Весной 1921 года мы распахали луг и посадили капусту. Капуста уродилась хорошая, и несмотря на голодный год, мы капусту продали на хлеб зерном. Озимые хлеба были плохие. Яровые еще сносные. У нас была посеяна кормовая черная вика, которая уродилась неплохо. Как известно, 1921 год был очень голодный, особенно в Поволжье, где в 20-м году хлеб был весь выпечен, а в 21-м — неурожай и голод страшный. Пришла осень. Сельсовет потребовал сдачи хлеба для голодного Поволжья. Мы заявили, что голодает там население по вине государства, которое отобрало хлеб от населения, а в Поволжье периодически бывают недороды хлеба. Мы согласны взять детей из Поволжья, как невинных существ, человек 10–12, и кормить их до нового урожая, но хлеб сдавать мы не будем. В начале 22 года мы были арестованы и направлены в Елецкую тюрьму, я — уже в другой раз. Началось следствие. Мы и там заявляем следователю, что виновато в голоде государство, отобравшее хлеб у крестьян. Следователь был молодой, иногда вызовет на допрос и беседует о Толстом с нами, так как он о Толстом ничего не знал и спрашивал: неужели Толстой был таким, как вы говорите? Одного спросит и другому зачитает показания первого, и остальных спрашивает: вы с этим согласны? И что еще хотите добавить?
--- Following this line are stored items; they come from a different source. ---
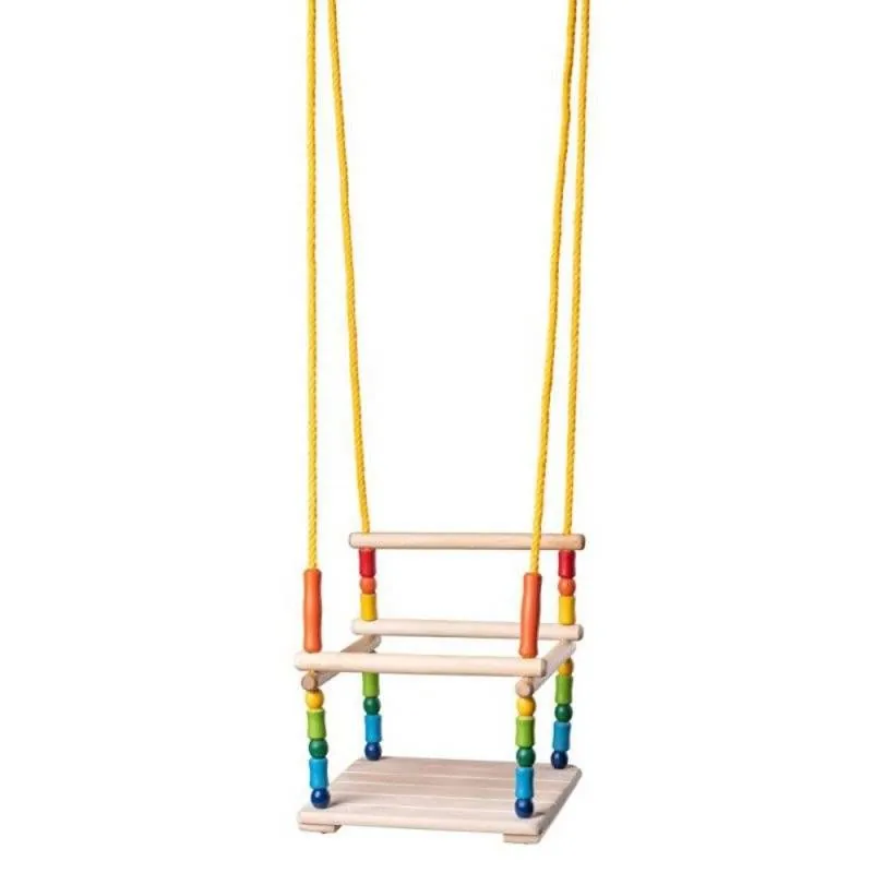 Krāsainas koka šūpoles bērniem. Izgatavotas no dabīga koka, izturīgas un drošas bērniem. Aizmugurē atzveltne ir nedaudz augstāka, lai bērni neizkristu šūpojoties.Šīs šūpoles var izmantot gan ārā, gan iekštelpās.Maksimālais svars 35 kg.Garums 160 x 220 cm.Sēdvietas izmēri: 30 x 30 x 32 cm.
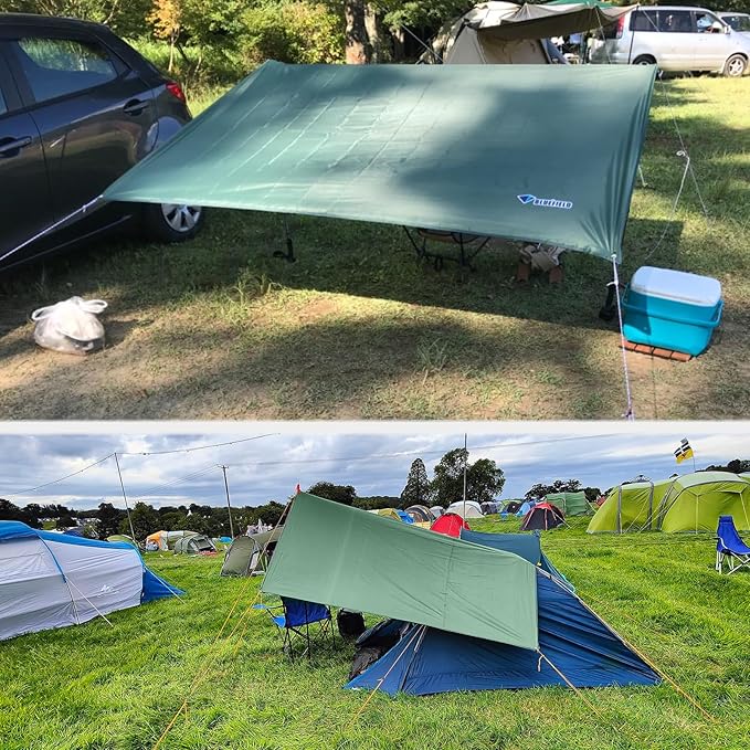 - ✅ EXTENSIVE APPLICATION -- The ultralight rain tarp can also play the role as Tent Shelter, Backpacking Tarp, Floor tarp, Rain Shelter, Hunting Tarp, is super ideal for Camping, Hiking, Picnic, Cycling, Backpacking
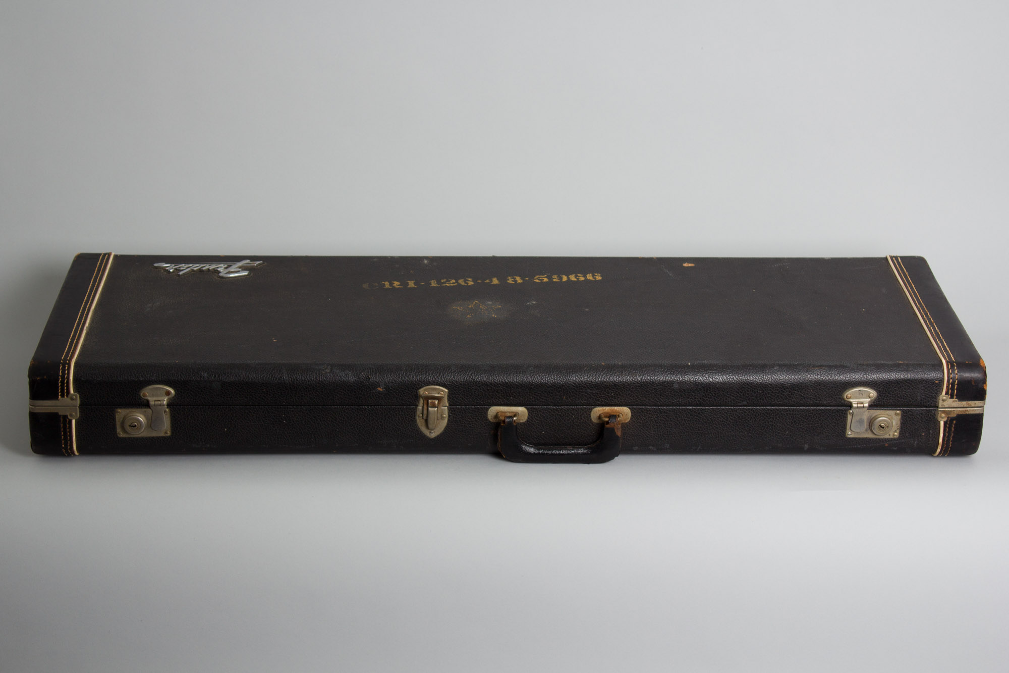 Internally there are a few typical minor alterations. The neck pickup is a black-bobbin unit with the old "Seymourized" sticker on the bottom marked with a hand-notated number in marker, which indicates it is an early Seymour Duncan rewind. The bridge pickup remains the original '60s styled grey bobbin unit with a copper grounding plate. The pots are original with a new 3-way switch and some attendant re-wiring visible; the original switch is in the case pocket with a damaged frame leaving it non-functional. The knobs appear recent but the correct style. All other hardware is original, even the snap-on bridge cover is still intact.
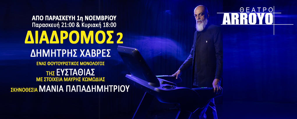 Στην Κεντρική Σκηνή του Θεάτρου ARROYO, παρουσιάζεται ο ΔΙΑΔΡΟΜΟΣ 2 της Ευσταθίας, έντεκα χρόνια μετά την πρώτη του παρουσίαση. Πρόκειται για ένα φουτουριστικό μονόλογο με στοιχεία μαύρης κωμωδίας που ερμηνεύει ο γνωστός Νεοσμυρνιός ηθοποιός Δημήτρης Χαβρές σε σκηνοθεσία της Μάνιας Παπαδημητρίου.
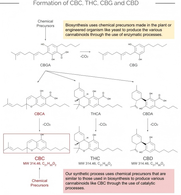 R: Definição: O CBC é um fitocanabinoide não tóxico derivado da planta de cannabis, sintetizado quimicamente a partir do ácido canabigerólico (CBGA). Sua fórmula molecular é C₂₁H₃₀O₂ e compartilha semelhanças estruturais com o THC e o CBD, mas se liga a receptores distintos.
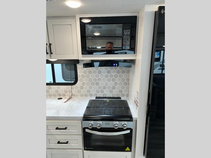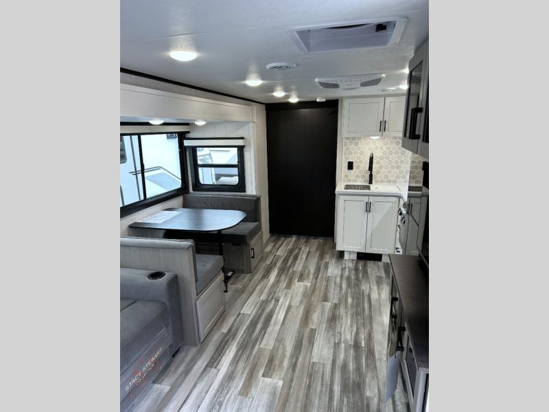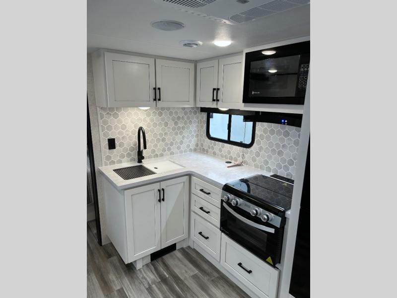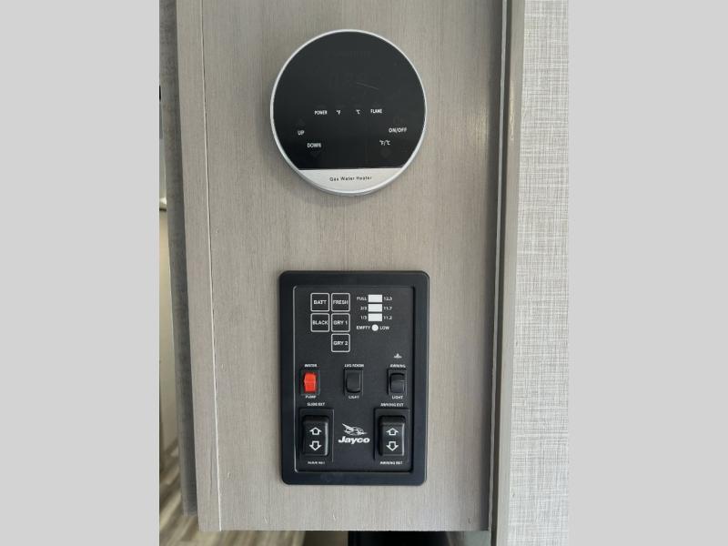 With any Jay Feather travel trailer by Jayco, you will enjoy lightweight towing, convenient exterior amenities, and at-home comforts inside! The Overlander 1 Solar Package included within the Jay Sport Package comes with a 200W solar panel and a 30-amp digital controller so you can enjoy some off-grid camping. There is also a modern graphics package with a dual-colored sidewall, LCI Solid Step fold-down aluminum tread steps on the main entry door, and Climate Shield 0 -100° F tested weather insulation package that will allow you to camp in all sorts of climates. The Customer Value Package will make time outdoors easier than ever with a power tongue jack and a Rock Solid stabilizer system, plus American-made nitro-filled Goodyear tires with self-adjusting electric brakes. More exterior features include a Keyed-Alike locking system, marine grade exterior speakers, a Magnum Truss roof system, and the list goes on! And we haven't even touched on the interior comforts, like the residential style seamless countertops and vinyl flooring throughout, decorative backsplash, handcrafted hardwood door/drawer fronts, and multiple USB charging ports to keep you going!
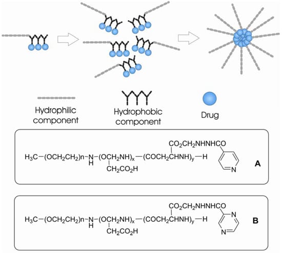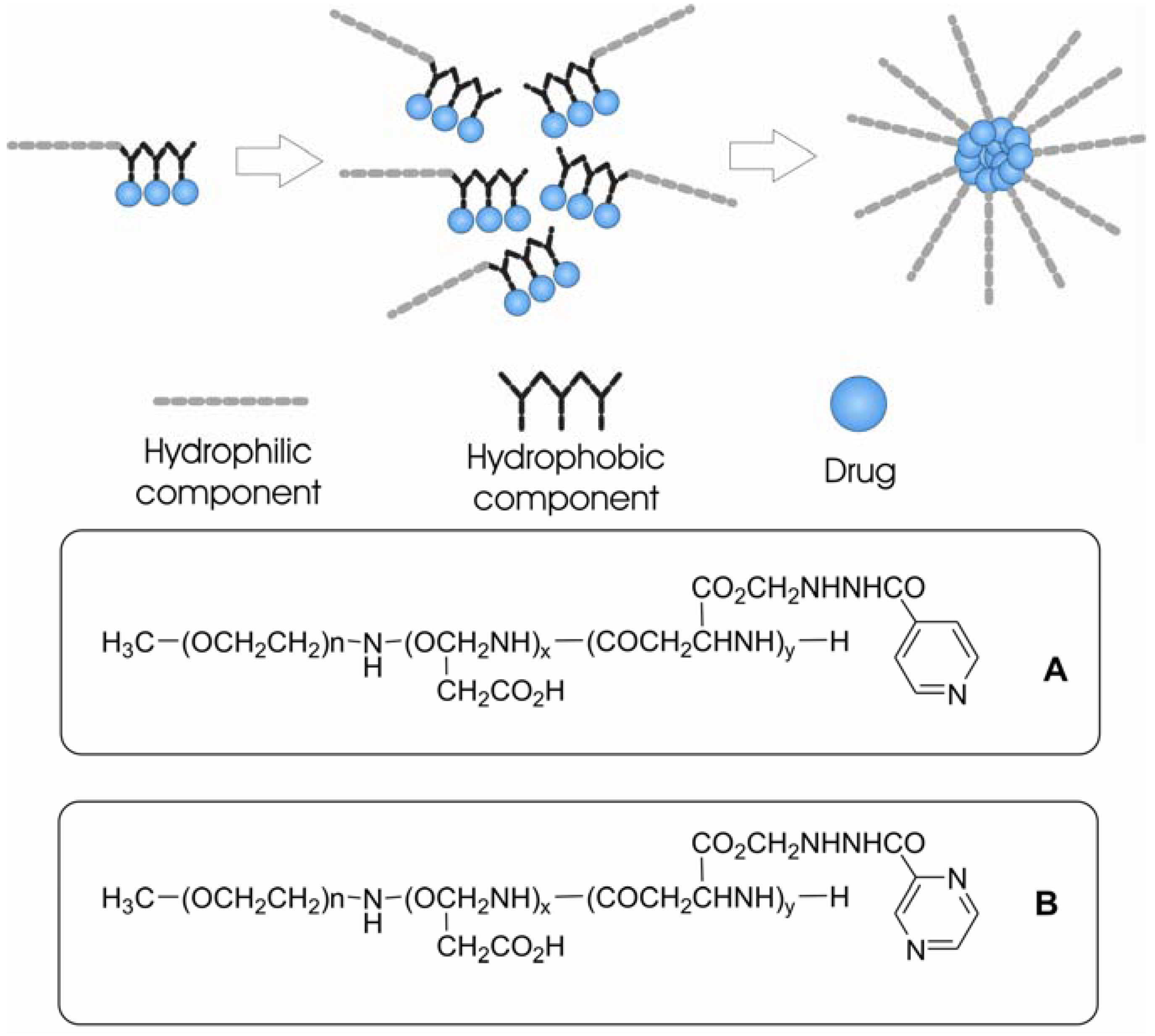 - Silva, M.; Lara, A. S.; Leite, C. Q. F.; Ferreira, E. I. Potential tuberculostatic agents: micelle-forming copolymer poly(ethyleneglycol)-poly(aspartic acid) prodrug with isoniazid. Arch. Pharm. Pharm. Med. Chem. 2001, 334, 189–193. [Google Scholar] [CrossRef]
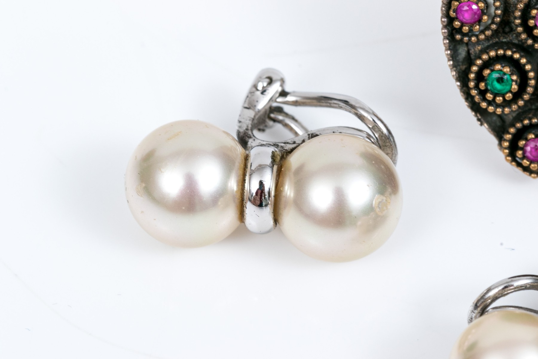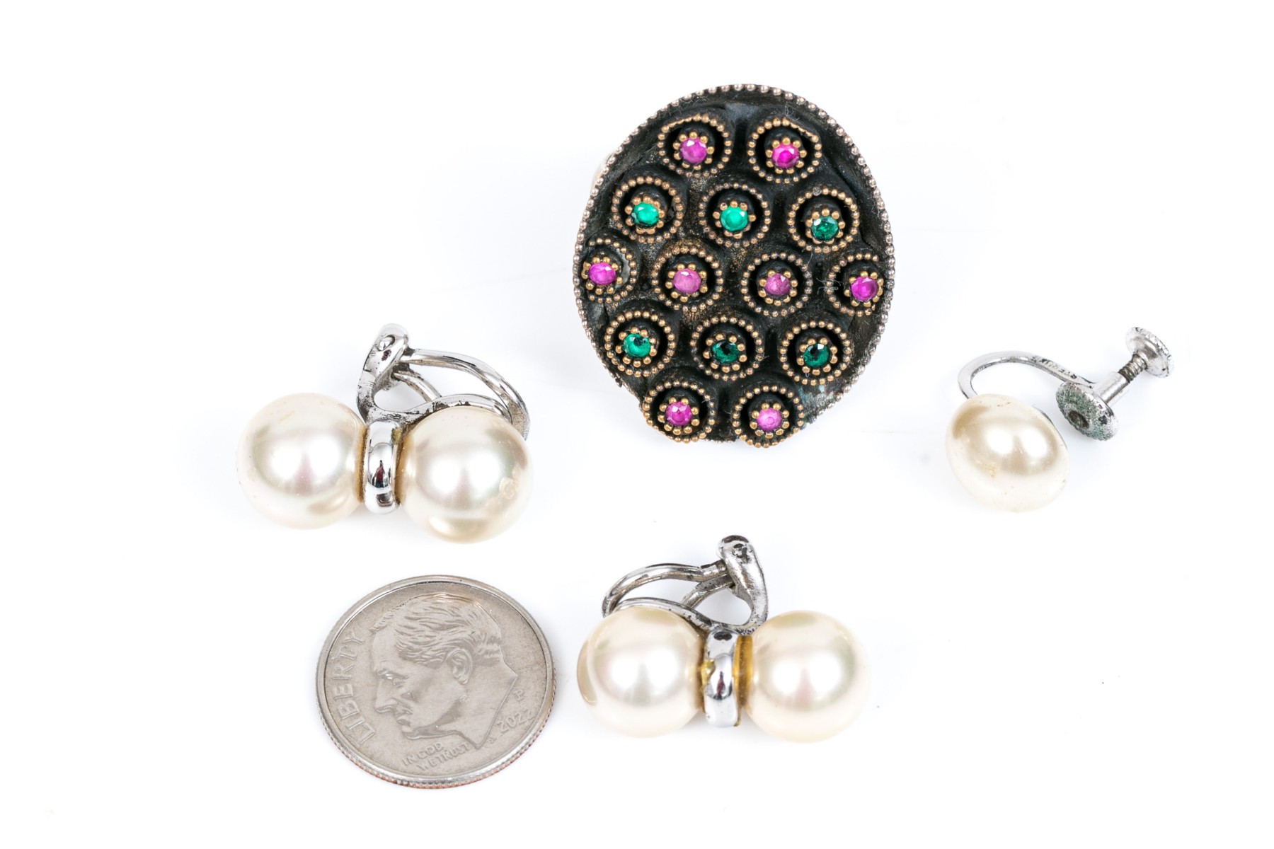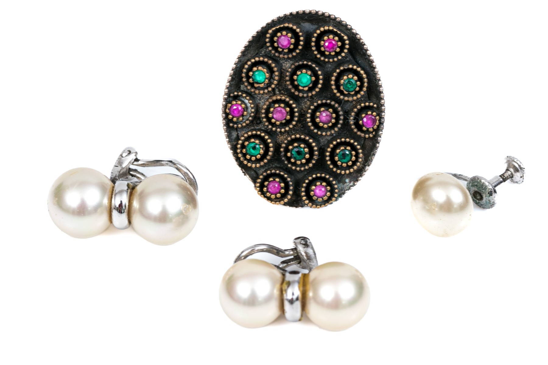 Condition: One pair of earrings is a half pair; otherwise good overall estate condition

Наконец, мы предстали перед судом трибунала. На суде народу было много; мы и на суде говорили то же, что и на следствии, и просили дать нам нескольких детей из голодающих для прокормления, так как дети невинные существа. Народ шептал: «Эти отжились — так говорят о государстве». Суд задавал много вопросов. Совещание судей трибунала продолжалось более двух часов. Уже был вечер, когда судьи зачитали приговор: ввиду искренности подсудимых и их убеждений суд решил: обвиняемых освободить, и хлеб у них взять в порядке конфискации, сколько такового найдется, бесплатно.
Из суда в тюрьму нас привели поздно вечером, был сильный снежный буран, а нам приказали немедленно собираться и выходить. Мы стали просить остаться до утра, но нас немедленно выдворили за ворота. Вышли из тюрьмы, буран свищет, гудит, метет и несет. Пошли километра за четыре на вокзал и там переночевали. На этот раз в тюрьме мы пробыли недолго, месяца полтора.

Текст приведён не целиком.